The provision for income taxes consists of provisions for federal, state, and foreign income taxes. We operate in an international environment; accordingly, the consolidated effective tax rate is a composite rate reflecting the earnings in various locations and the applicable tax rates. Additionally, the calculation of the percentage point impact of U.S. Tax Reform, tax exempt income, and other items on the effective tax rate shown in the table above are affected by income/(loss) before income taxes. Fluctuations in the amount of income generated across locations around the world could impact comparability of reconciling items between periods. Additionally, small movements in tax rates due to a change in tax law or a change in tax rates that causes us to revalue our deferred tax balances produces volatility in our effective tax rate.
The 2018 effective tax rate was lower, primarily due to a decrease in the U.S. federal statutory rate, non-deductible items (including goodwill impairments, nonmonetary currency devaluation losses, and the wind-up of non-U.S. pension plans), the impact of the federal tax on GILTI, and the revaluation of our deferred tax balances due to changes in state tax laws following U.S. Tax Reform, which were partially offset by the benefit from intangible asset impairment losses in the fourth quarter of 2018. See Note 10, Goodwill and Intangible Assets, for additional information related to our impairment losses in the fourth quarter of 2018.
The tax provision for the 2017 tax year benefited from U.S. Tax Reform enacted on December 22, 2017. The related income tax benefit of 129.0% in 2017 primarily reflects adjustments to our deferred tax positions for the lower federal income tax rate, partially offset by our provision for the one-time toll charge.
The tax provision for the 2016 tax year included a benefit related to the tax effect of statutory tax rate changes, including a benefit related to the impact on deferred taxes of a 10-basis-point reduction in the state tax rate and a 100-basis-point statutory rate reduction in the United Kingdom.
Deferred Income Tax Assets and Liabilities:
The tax effects of temporary differences and carryforwards that gave rise to deferred income tax assets and liabilities consisted of the following (in millions):
 
 
 
As Restated
 
December 29, 2018
 
December 30, 2017
Deferred income tax liabilities:
 
 
 
Intangible assets, net
$
11,571

 
$
13,567

Property, plant and equipment, net
735

 
676

Other
410

 
288

Deferred income tax liabilities
12,716

 
14,531

Deferred income tax assets:
 
 
 
Benefit plans
(172
)
 
(212
)
Other
(470
)
 
(422
)
Deferred income tax assets
(642
)
 
(634
)
Valuation allowance
81

 
80

Net deferred income tax liabilities
$
12,155

 
$
13,977


At December 29, 2018, deferred income tax liabilities excluded amounts classified as held for sale.

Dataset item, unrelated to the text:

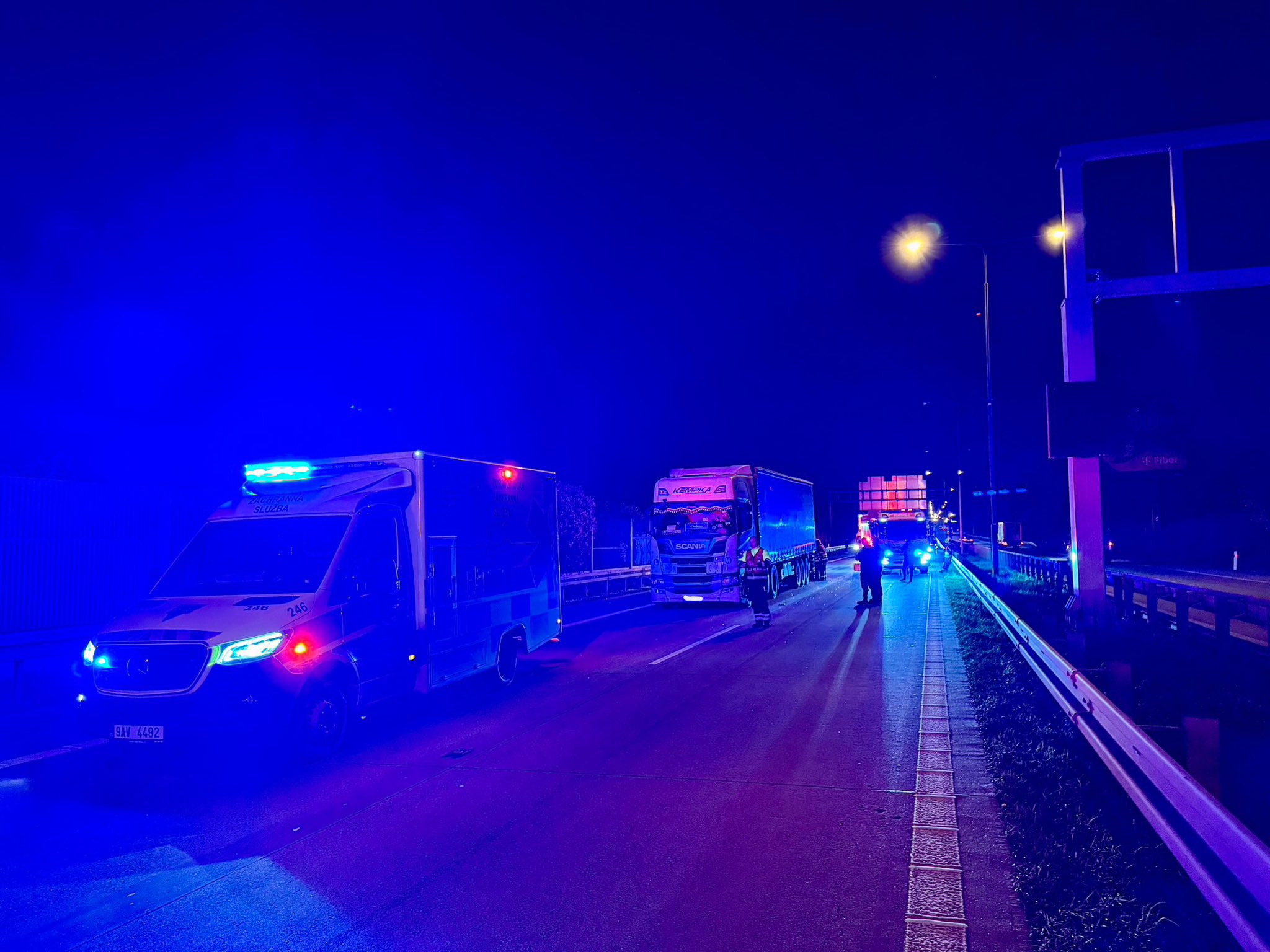 K vážné dopravní nehodě vyjeli v úterý 4. listopadu večer profesionální hasiči z pražských stanic Radotín a Smíchov. Na Pražském okruhu došlo ke střetu osobního automobilu s nákladním vozidlem. Podle zasahujících jednotek skončilo menší auto zaklíněné pod návěsem. Právě tento fakt komplikoval první minuty zásahu i následné vyprošťování.

See Note 5, Acquisitions and Divestitures, for additional information.
The decrease in deferred tax liabilities from December 30, 2017 to December 29, 2018 was primarily driven by intangible asset impairment losses recorded in the fourth quarter of 2018. See Note 10, Goodwill and Intangible Assets, for additional information.
At December 29, 2018, foreign operating loss carryforwards totaled $307 million. Of that amount, $26 million expire between 2019 and 2038; the other $281 million do not expire. We have recorded $86 million of deferred tax assets related to these foreign operating loss carryforwards. Deferred tax assets of $90 million have been recorded for U.S. state and local operating loss carryforwards. These losses expire between 2019 and 2038.
Uncertain Tax Positions:
At December 29, 2018, our unrecognized tax benefits for uncertain tax positions were $387 million. If we had recognized all of these benefits, the impact on our effective tax rate would have been $352 million. It is reasonably possible that our unrecognized tax benefits will decrease by as much as $54 million in the next 12 months primarily due to the progression of federal, state, and foreign audits in process. Our unrecognized tax benefits for uncertain tax positions are included in income taxes payable and other non-current liabilities on our consolidated balance sheets.
The changes in our unrecognized tax benefits were (in millions):
 
December 29,
2018
 
December 30,
2017
 
December 31,
2016
Balance at the beginning of the period
$
408

 
$
389

 
$
353

Increases for tax positions of prior years
9

 
2

 
59

Decreases for tax positions of prior years
(81
)
 
(35
)
 
(18
)
Increases based on tax positions related to the current year
74

 
135

 
62

Decreases due to settlements with taxing authorities
(3
)
 
(59
)
 
(62
)
Decreases due to lapse of statute of limitations
(10
)
 
(24
)
 
(5
)
Reclassified to liabilities held for sale
(10
)
 

 

Balance at the end of the period
$
387

 
$
408

 
$
389


Our unrecognized tax benefits decreased during 2018 mainly as a result of audit settlements with federal, state, and foreign taxing authorities and statute of limitations expirations. Our unrecognized tax benefits increased during 2017 as a result of evaluating tax positions taken or expected to be taken on our federal, state, and foreign income tax returns.
In 2016, we reached an agreement with the IRS resolving all Kraft open matters related to the audits of taxable years 2012 through 2014. This settlement reduced our reserves for uncertain tax positions and resulted in a non-cash tax benefit of $42 million.
We include interest and penalties related to uncertain tax positions in our tax provision. Our provision for/(benefit from) income taxes included a $5 million expense in 2018, $24 million benefit in 2017, and $8 million expense in 2016 related to interest and penalties. Accrued interest and penalties were $62 million as of December 29, 2018 and $57 million as of December 30, 2017.
Other Income Tax Matters:
In the normal course of business, we are subject to examination by taxing authorities throughout the world, including such major jurisdictions as Australia, Canada, Italy, the Netherlands, the United Kingdom, and the United States. As of December 29, 2018, we have substantially concluded all national income tax matters through 2016 for the Netherlands, through 2014 for the United States, through 2012 for the United Kingdom, through 2011 for Australia, Canada, and Italy. We have substantially concluded all state income tax matters through 2007. Additionally, as of April 2019, we had substantially concluded all national income tax matters through 2015 for the United States.
We have a tax sharing agreement with Mondelēz International, Inc. (“Mondelēz International”), which generally provides that (i) we are liable for U.S. state income taxes and Canadian federal and provincial income taxes for Kraft periods prior to October 1, 2012 and (ii) Mondelēz International is responsible for U.S. federal income taxes and substantially all non-U.S. income taxes, excluding Canadian income taxes, for Kraft periods prior to October 1, 2012.
Kraft's U.S. operations were included in Mondelēz International's U.S. federal consolidated income tax returns for tax periods through October 1, 2012. In December 2016, Mondelēz International reached a final resolution on a U.S. federal income tax audit of the 2010-2012 tax years. As noted above, we are indemnified for U.S. federal income taxes related to these periods.